Monday, February 19, 2007

Hong Kong and Yangshou, China

Ni Hao from Yangshou, China! We have officially passed the mid-point of our little adventure and it seems like it is moving faster and faster.

First off, we would like to give a little shout out to Dan Gestwick. His generous gift of Holiday Inn points set us up very well during our time in Hong Kong. More importantly, his great advice pointed us to a taquaria owned by a former resident of So-Cal who flies in her ingredients and makes a mean carnitas burrito. Oh, what a fabulous Mexican fix right in the middle of the trip.

The big story here in China is the Lunar New Year. In Hong Kong, we watched the whole city setting up and rehearsing for their annual equivilent of the Macy's parade complete with floats, dancing children, and an unlikely guest appearance by the Arizona Cardinals' cheerleaders (for some reason, their publicity photo - Lycra uniforms and all - was one of the more visible on the parade ads).

New Year's eve here in Yangshou was like festive little warzone. Our hotel looks out over the Li River and it was a perfect spot to launch very big rockets and light off meter-long strands of fireworks. After getting through that first night we thought that it might calm down a bit as the week wore on, but no, we were mistaken. Two days later, kids are still sling-shotting little bombs at one another while their parents look on and laugh. Initally, we felt that maybe Americans are just a little wimpier than people in China when it comes to chaotic celebration with potentially maiming devices. And then, when a man lit fireworks into the tree directly outside of our hotel window, we gained a renewed appreciation for the illegality of fireworks in most parts of the U.S.

In order to get out and do a few things that weren't just "on the beaten path" and to temporarily escape the endless explosions, we arranged for a guide to show us around the areas outside of Yangshou where it would be rare for folks to speak English. Stephen was great to us and taught us a lot about Chinese culture. He was also excited to chat about Chinese and U.S. history and politics, which we of course enjoyed as well. We hiked alongside the Li River, ate lunch in a little village, rode bikes 4 hours out into the countryside and rice fields, and visited a small buddist temple with an amazing view of the karst landscape. Sadly, we did learn that fireworks are enjoyed everywhere in China.

Throughout our time in Cambodia and Vietnam, we were always amazed that nearly every sign and menu was written in both the local language and in English.

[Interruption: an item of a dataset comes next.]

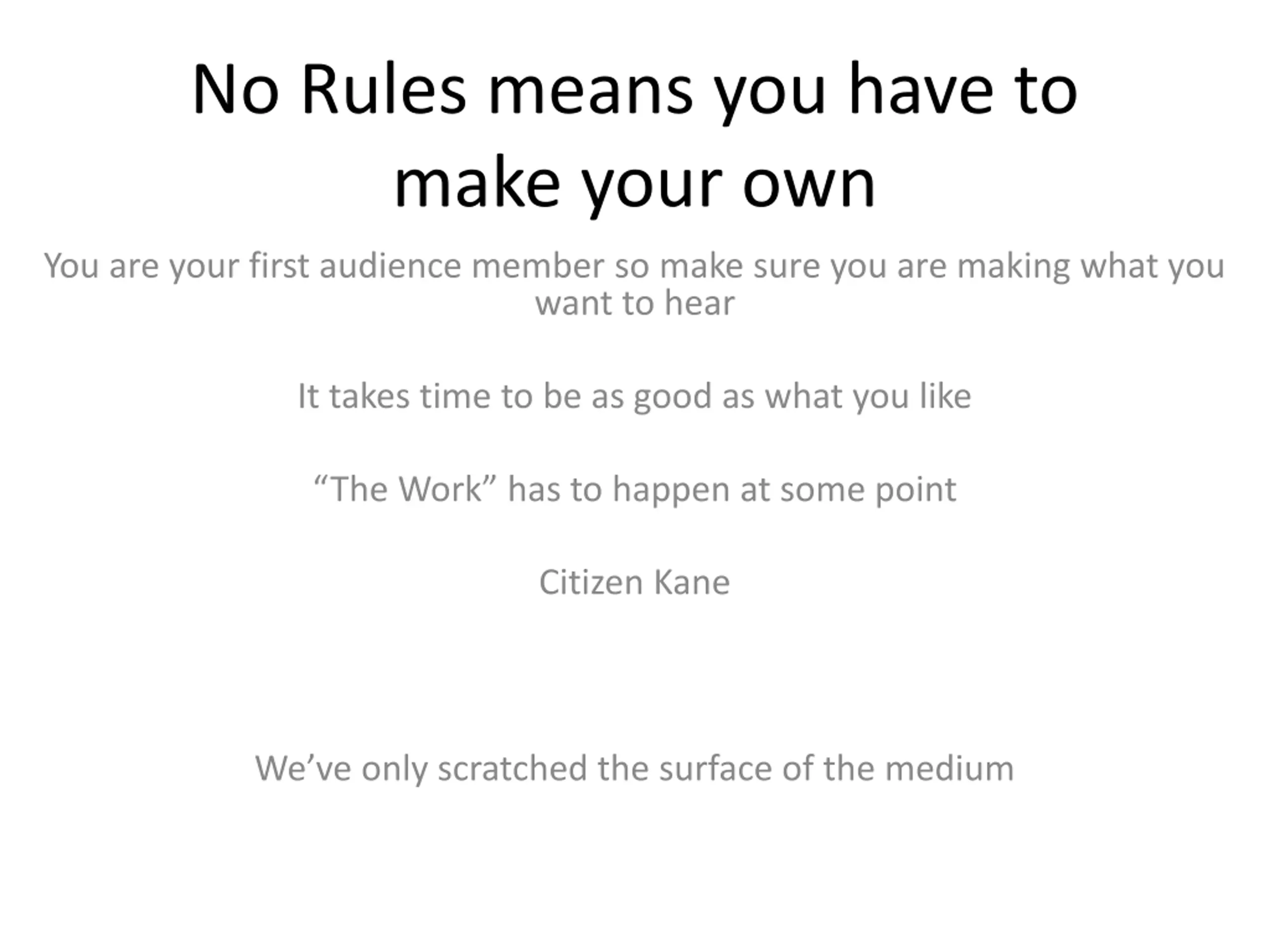 No Rules means you have to make your own You are your first audience member so make sure you are making what you want to hear It takes time to be as good as what you like The Work has to happen at some point Citizen Kane We ve only scratched the surface of the medium

While we see much less English here, they are trying, particularly in places visited often by foreigners. But, for some reason, there are wonderful mistakes everywhere. Some of our favorites: "Please place trashery in the bin," "Wonderful shopping place for your face soil" and "Jack Naniels."
Tomorrow we head to Shanghai to reunite with Jesse & Christy. We are very much looking forward to seeing them again and are bracing ourselves for the big city fireworks that undoubtedly lie ahead.
More Karst, this time on the Li River. The scene behind us is shown on the 20 Yuan bill. Speaking of, we discovered the pain in the butt that is counterfeit money the other night. Turns out it sometimes comes out of the ATMs. Lots of places check and reject it but it didn't turn out to be hard to get rid of it later on. We guess some merchants figure there will always be another gullible foreigner coming down the pike.
Sarah and Stephen pose in their borrowed flip-flops and helmets before we head into a limestone cave that houses an underground lake and mud-bath. After shimmying through tight spaces and wading in knee deep water, we realized that a similar attraction in the U.S. would require a minimum of 40 pages of liability waivers.

Gus, never before a huge fan of Chinese food nor a practiced user of chopsticks, shows off newfound skills while taking his malaria pill.